You can tell perfect weddings, because at them, (only) six things go wrong.

Two bridesmaids faint. What to do? Panic? No. Just say, Check; that's two, four more to go.

Three hours before the reception, the groom's cake slips off the backseat and coats a station wagon's floorboards. Not to worry; got one of our six out of the way, with none the wiser: no one else had seen it, so no one will know when we substitute a sheet cake from Kroger.

The special handmade unity candle has been left on someone's mantel. Problem? I don't know; does it count as something going wrong? It does? Check. Figure, well, at least that one's out of the way, as a guy does a mario andretti going to your friend's house to retrieve the candle, and the accompanist plays some more.

The Mayan calendar savants at the rehearsel dinner location *double-book* the only room that will hold your wedding party. On the spot you have to move the rehearsel to a friend's house.
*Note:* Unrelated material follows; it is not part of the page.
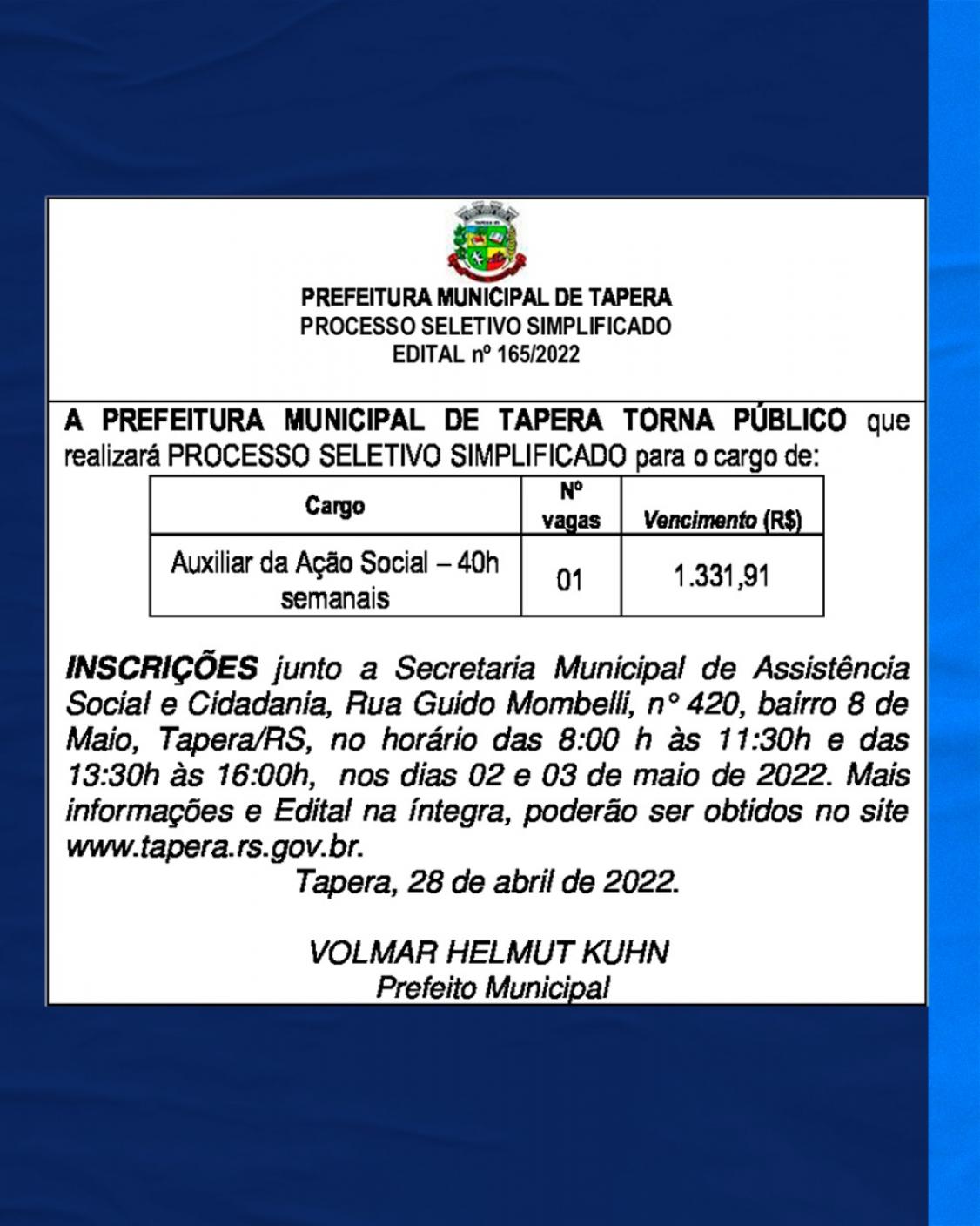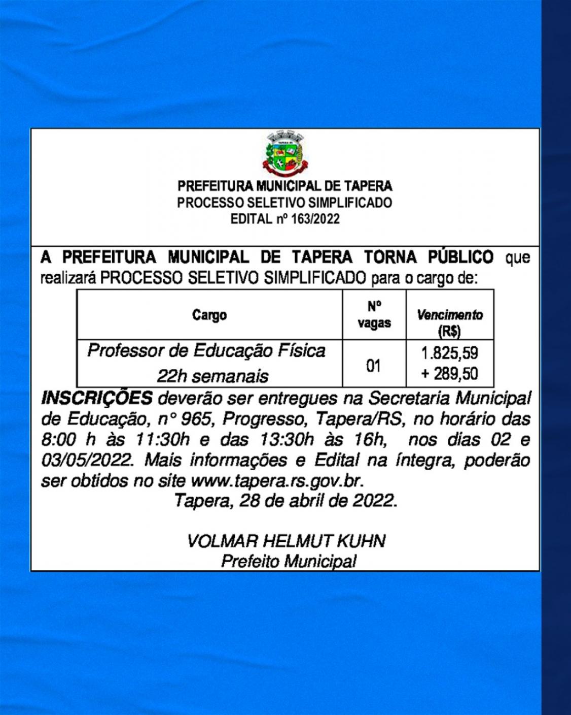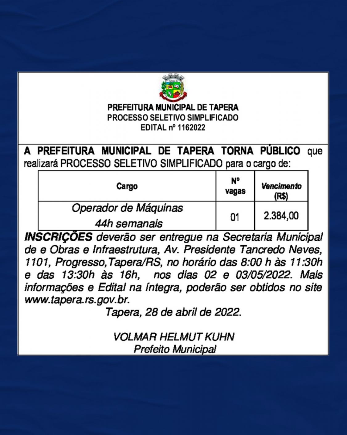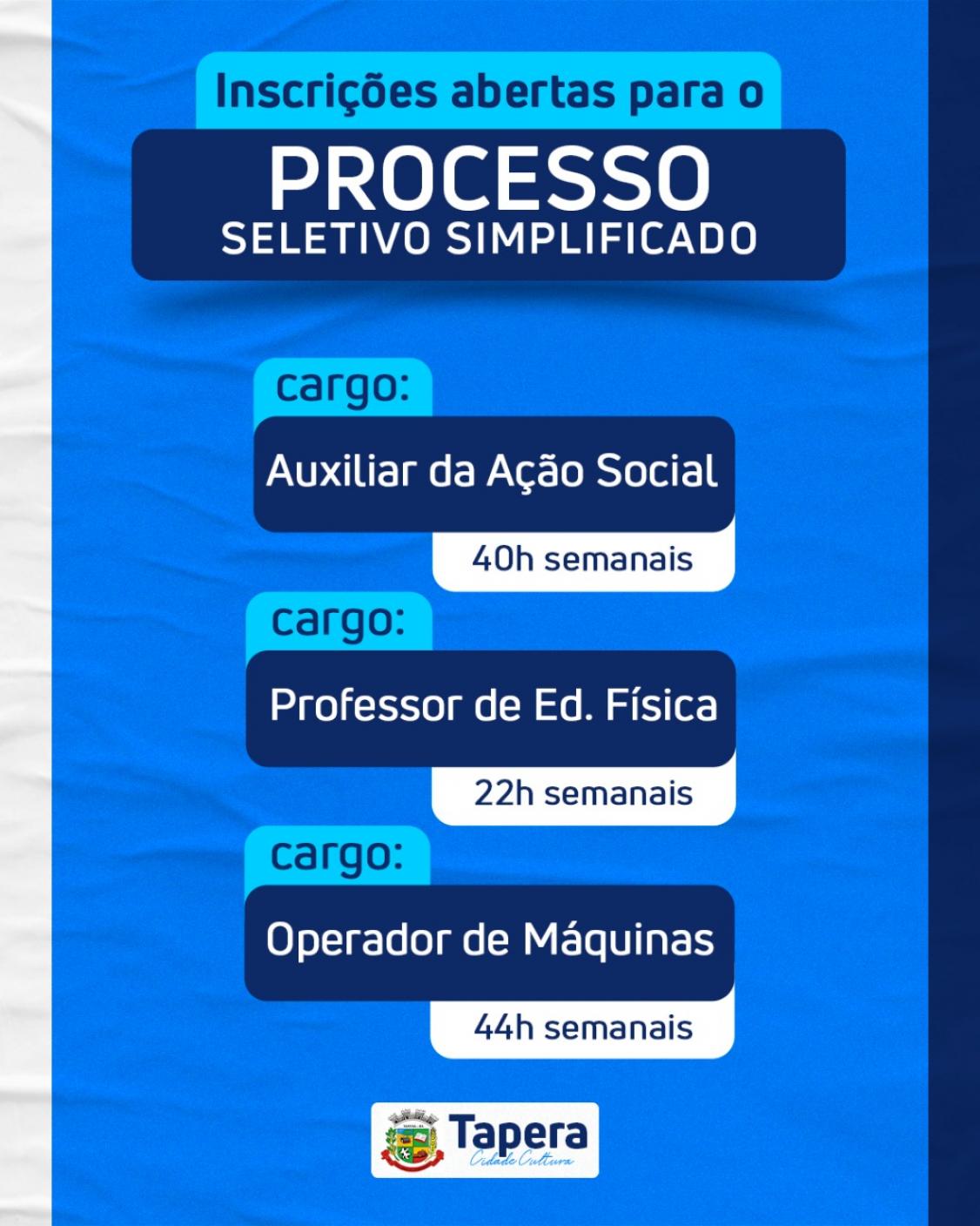 A Prefeitura Municipal de Tapera torna público a realização do Processo Seletivo Simplificado para os cargos: - Auxiliar da Ação Social - Professor de Educação Física - Operador de Máquinas

Hm. Maybe that counts as two.

Maybe one reason people get confused about weddings is that although they are not performances--"perfection" in execution is--in a meaningful wedding, at any rate--only slightly positively correlated with "perfect" in emotional and spiritual terms--in a real wedding, the couple are "performing" something; that is, they are accomplishing something. Philosophers even use the term "performance speech" for what goes on: namely, that when the couple says, "with this ring I thee wed," they do. Saying it makes it happen; words don't just affect, but in this case also actually effect the reality.

Another confusion comes from the mistaken notion that a (real) wedding is "just a ceremony." It is natural, I suppose, especially in a culture like ours that has few clearly meaningful public acts, that a genuine ritual would be mistaken for a mere ceremony. What I mean is, a ritual is a symbol, specifically an enacted symbol, and not just a formal protocol one "must," to meet regulations, go through. A symbol is a word, an object, or an act associated with a meaning. So symbols are inherently meaningful. Ritual is an acted symbol, so it (should be) is inherently meaningful.

Once one realizes that this is a ritual, a meaningful action, a symbol, then one sees why as long as the meaning is meant, and as long as what actually lies at the core of that meaning gets enacted one way or another, then the ritual has been a success. Given that humans aren't consistent, and can only attain procedural perfection through drilled repetition, it becomes obvious that a ritual perfect with respect to meaning, to its symbolic function, will most likely not be perfect with regards to its execution, because that's not the important part. The meaning is the important part.

So remember: (at least) six things go wrong at every perfect wedding.